C'è un indice comparativo lampante e indiscutibile dello scarso livello dell'odierna istituzione universitaria (in questione, è qui l'area delle discipline umanistiche).
Il numero di cantanti che tengono lezioni accademiche è incomparabilmente più alto di quello dei professori universitari che cantano sul palco di Sanremo o di manifestazioni canore comparabili.
Se Apollonio non si sbaglia, al momento, questo è eguale a zero (non è così invece per i professori di scuole superiori, uno dei quali ha persino vinto, e meritatamente, il famosissimo festival, con una canzonetta-fervorino).

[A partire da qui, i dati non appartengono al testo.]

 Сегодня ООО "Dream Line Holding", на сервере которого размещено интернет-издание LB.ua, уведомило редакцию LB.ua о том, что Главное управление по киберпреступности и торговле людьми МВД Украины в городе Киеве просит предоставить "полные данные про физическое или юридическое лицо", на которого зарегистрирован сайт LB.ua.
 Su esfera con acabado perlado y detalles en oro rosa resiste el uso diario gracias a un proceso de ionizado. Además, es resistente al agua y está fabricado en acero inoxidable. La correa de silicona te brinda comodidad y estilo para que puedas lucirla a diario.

Del resto, gli inviti a fare da professori rivolti ai cantanti si moltiplicano e i loro interventi sono tutti accompagnati da successi strepitosi: così riferiscono cronache entusiaste. Ciò significa che i cantanti sono perfettamente capaci di far lezione. Meno, di certo, lo sarebbero i professori universitari di cantare in pubblico.

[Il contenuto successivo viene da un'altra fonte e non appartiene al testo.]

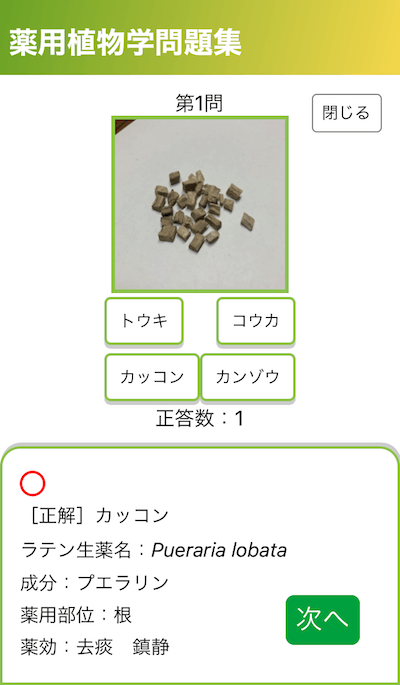 ランダムに生薬の写真が出てくるので、その写真を見て生薬名を選択します。
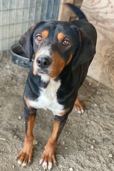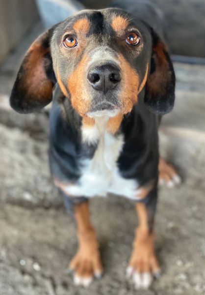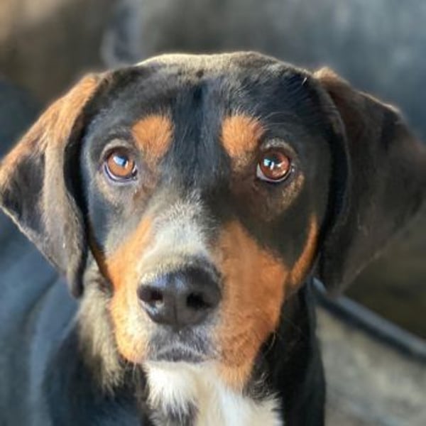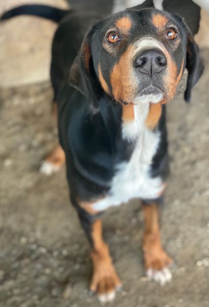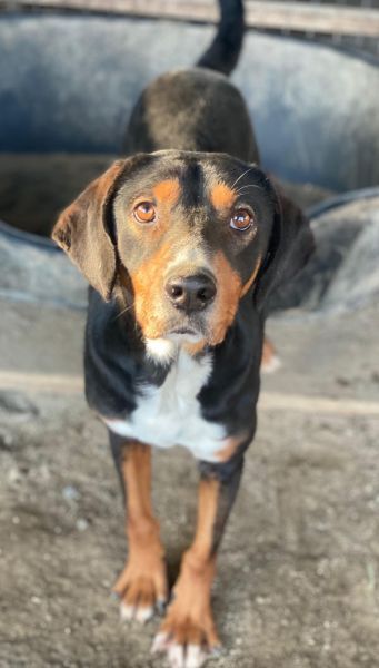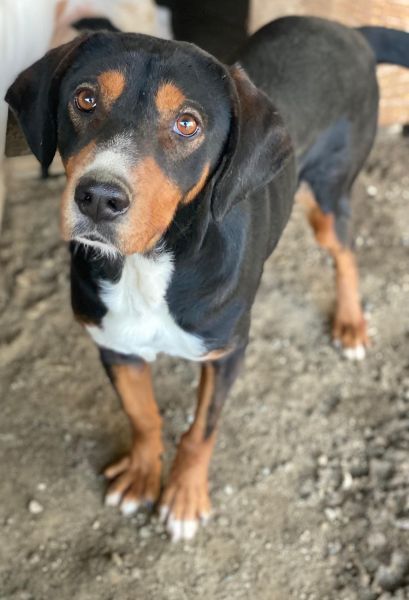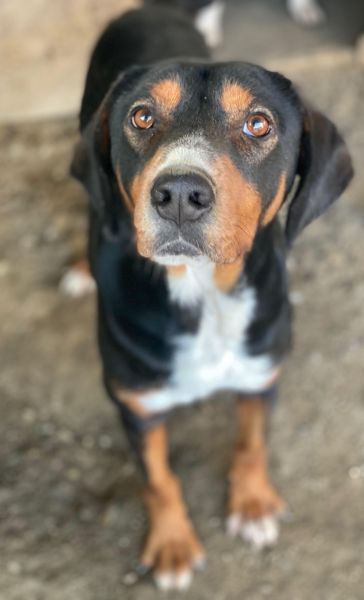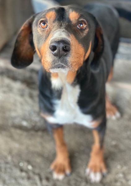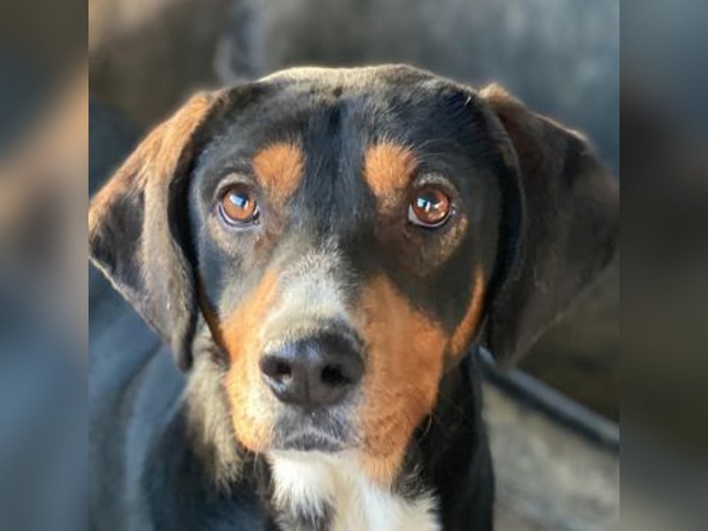 Dürfen wir also vorstellen: Das ist Kabelo – ein bildhübscher Rüde im besten Alter! Sein dreifarbiges Fell ist überwiegend schwarz, akzentuiert durch warme braune Abzeichen im Gesicht und an den Läufen sowie eine weiße Brustpartie. Seine treuen, aufmerksamen Augen und die sanften Schlappohren verleihen ihm einen charmanten Ausdruck.

Il dato è eloquente: c'è una diversa serietà nei due mestieri, come fin qui sono stati concepiti in modo un po' statico. Essi richiedono un tasso diverso di professionalità e un impegno differente. E non è il caso di precisare da quale lato la bilancia riveli i valori maggiori.
È giusto di conseguenza che sempre più spesso si lasci la cattedra ai primi, che richiamano peraltro nelle aule folle osannanti, e che la scena sia al contrario inibita ai secondi, sui quali, provassero a cantare, pioverebbero fischi.
Di più: per riparare alla disparità osservata in esordio e per innalzare il livello dell'istituzione universitaria (sempre, naturalmente, in funzione delle discipline umanistiche) sarebbe ormai opportuno non solo che i cantanti (e i comici e l'altra gente di spettacolo) fossero incoraggiati a partecipare alle cosiddette valutazioni comparative per posti di professore di università, ma anche che ne risultassero vincitori in numero sempre crescente. Solo così, infatti, si potrebbe finalmente ottenere il giusto equilibrio, nell'aula e sul palco, tra cantanti professori e professori cantanti.